How aerosol modeling assumptions and parameterizations can affect stratospheric sulfate aerosol following the 1991 Pinatubo volcanic eruption

The 1991 Pinatubo eruption remains the largest volcanic eruption observed during the satellite era, injecting 18-19 Tg of sulfur dioxide (SO2) into the stratosphere. Just over half of this SO2 oxidized to form long-lived (3-4 years) sulfate aerosol, which scattered incoming solar radiation and absorbed outgoing longwave radiation, significantly impacting atmospheric temperature by altering the global radiative balance.

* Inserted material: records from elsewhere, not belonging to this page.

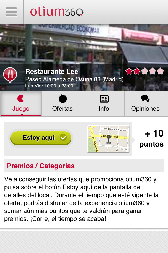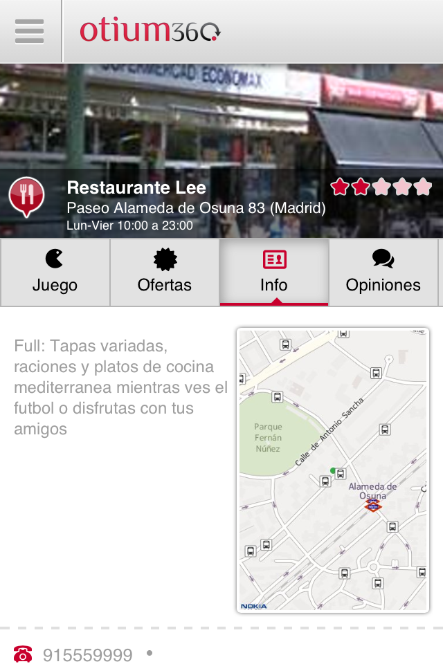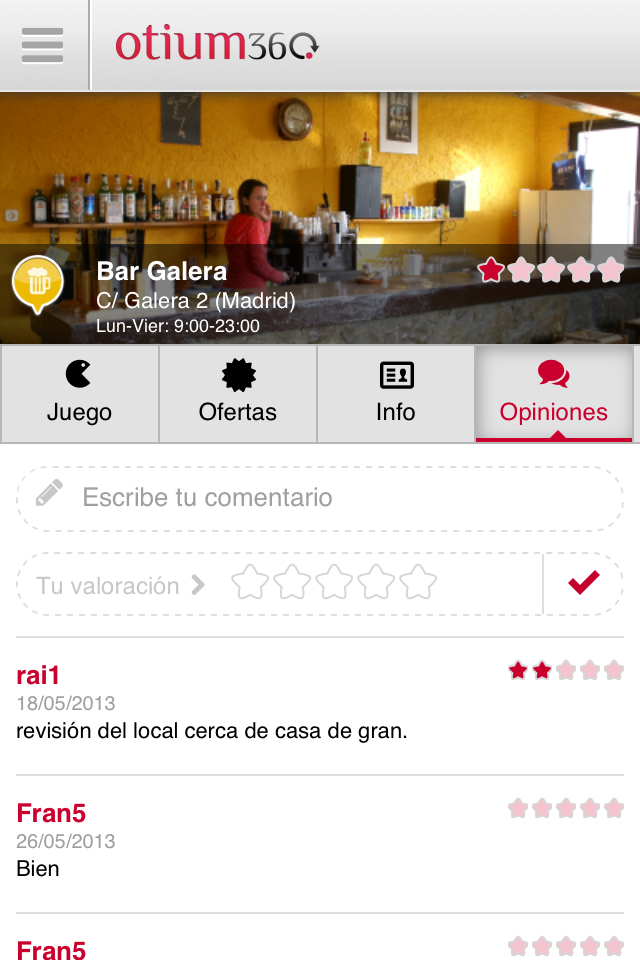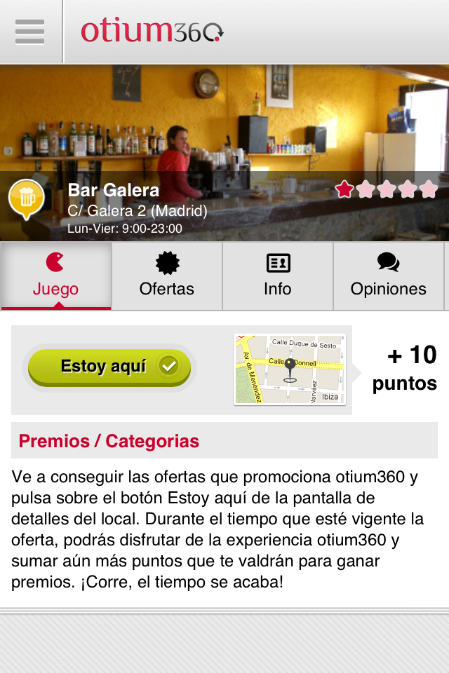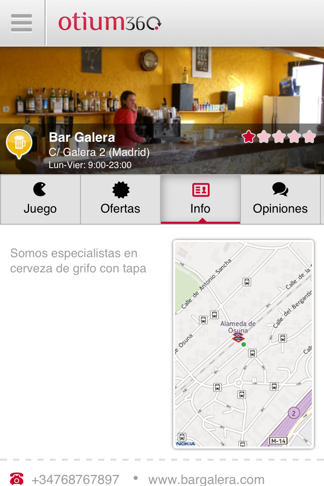¡otium360 es tu nueva compañera de ocio! Descárgatela gratuitamente y disfruta en la palma de tu mano de todo el ocio de tu ciudad. No te preocupes por buscar en una base de datos inmensa, simplemente créate un perfil lo más fiel a tus costumbres de ocio y otium360 hará el resto haciéndote llegar ofertas y promociones de tus sitios favoritos. Bien a tu alrededor o bien en las zonas que selecciones como “favoritas”. ¿Te apetece cenar con tus amigos y no sabes dónde? ¿Quieres sorprender a tu pareja con un lugar encantador? ¿Qué tal un café o un chocolate para reponer fuerzas? ¿Echas de menos la comida casera? ¿Te apetece descubrir nuevos lugares con un encanto especial? ¡Con otium360 todo esto y más en la palma de tu mano! Y eso no es todo, cuando llegues a un establecimiento asociado posiciónate con el botón “Estoy aquí” y suma puntos que te ayudaran a conseguir fantásticos premios; participa en “La Movida Otium” y disfruta de una tarde/noche distinta..; y dentro de poco… diseña tus rutas de ocio o sigue las rutas creadas; recomiéndanos tus lugares para que los añadamos a otium360; sube fotos en tus lugares de ocio… y muchas sorpresas más. De momento estamos trabajando en Madrid, pero poco a poco iremos ampliando nuestro servicio a otras ciudades… A qué esperas para sacarle el máximo partido a tu ocio… otium360 ya está listo. ¿Y tú?
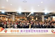 내고향뉴스 김익성 기자 | 울산지체장애인협회 중구지회가 11월 20일 오전 10시 30분 울산시티컨벤션 안다미로홀에서 제26회 장애인복지증진대회를 개최했다. 이번 행사는 장애에 대한 인식을 개선하고 장애인과 비장애인 사이의 소통을 증진하기 위해 마련됐다. 이날 행사에는 김영길 중구청장과 박경흠 중구의회 의장, 이길우 울산시지체장애인협회장, 정진수 울산시장애인총연합회장, 울산지체장애인 중구지회 관계자, 장애인 및 가족, 자원봉사자 등 350여 명이 함께했다. 이번 행사는 울산중구자원봉사센터 봉사단의 우쿨렐레와 바이올린 연주, 숟가락 난타 공연으로 막을 열었다. 1부 기념식은 △장애인 복지 증진 유공자 표창 및 감사패 수여 △개회사 △격려사 △축사 △기념촬영 순으로 진행됐다. 2부 문화 행사 순서에서는 초대 가수 김송, 배채연의 축하공연과 참가자 장기자랑 등이 펼쳐졌다. 김영길 중구청장은 “장애인 권익 신장과 복지 증진을 위해 힘써주신 모든 분들에게 감사드린다”며 “앞으로도 장애인과 비장애인이 서로 존중하며 더불어 사는 행복한 사회를 만들기 위해 노력하겠다”고 밝혔다.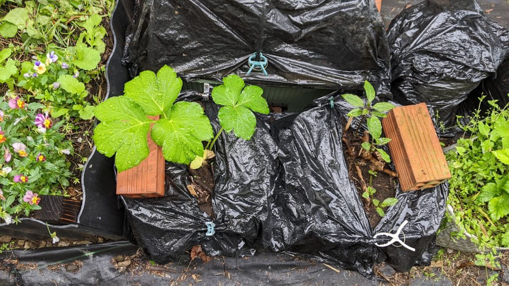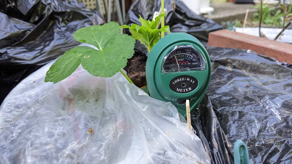 一枚目の写真は5月2日、苗を買ってきて植えたころです。二枚目は湿度を測っています。株もとに雨除け兼土壌菌の保護のマルチをしているので、目測で湿気がわかりません。水をやるかどうかは、湿度計を差し込んで計測してから決めます。三枚目は、マルチしている様子です。

Pinatubo provides an important validation for the simulation of stratospheric sulfate in earth system models given the relatively high availability of remote sensing and in-situ data before and after the eruption. This validation helps identify how well aerosol parameterization in these models are simulating the sulfate lifecycle, including emission, formation, lifetime, and climate impact. Here we use remote sensing and in-situ balloon measurements from Laramie, WY to validate version 2 of the Energy Exascale Earth System Model (E3SMv2) with improvements to its stratospheric sulfate representation. By comparing E3SMv2 to a very similar model with more advanced atmospheric chemistry, CESM2-WACCM6 (the Community Earth System Model (CESM2) with the Whole Atmosphere Community Climate Model version 6 (WACCM6)), some of the side effects to a simpler chemical treatment within E3SMv2 are identified. Both E3SMv2 and CESM2-WACCM simulate stratospheric sulfate aerosol that is smaller than in observations; potential reasons for this difference and its implications on simulations of global radiative balance are explored.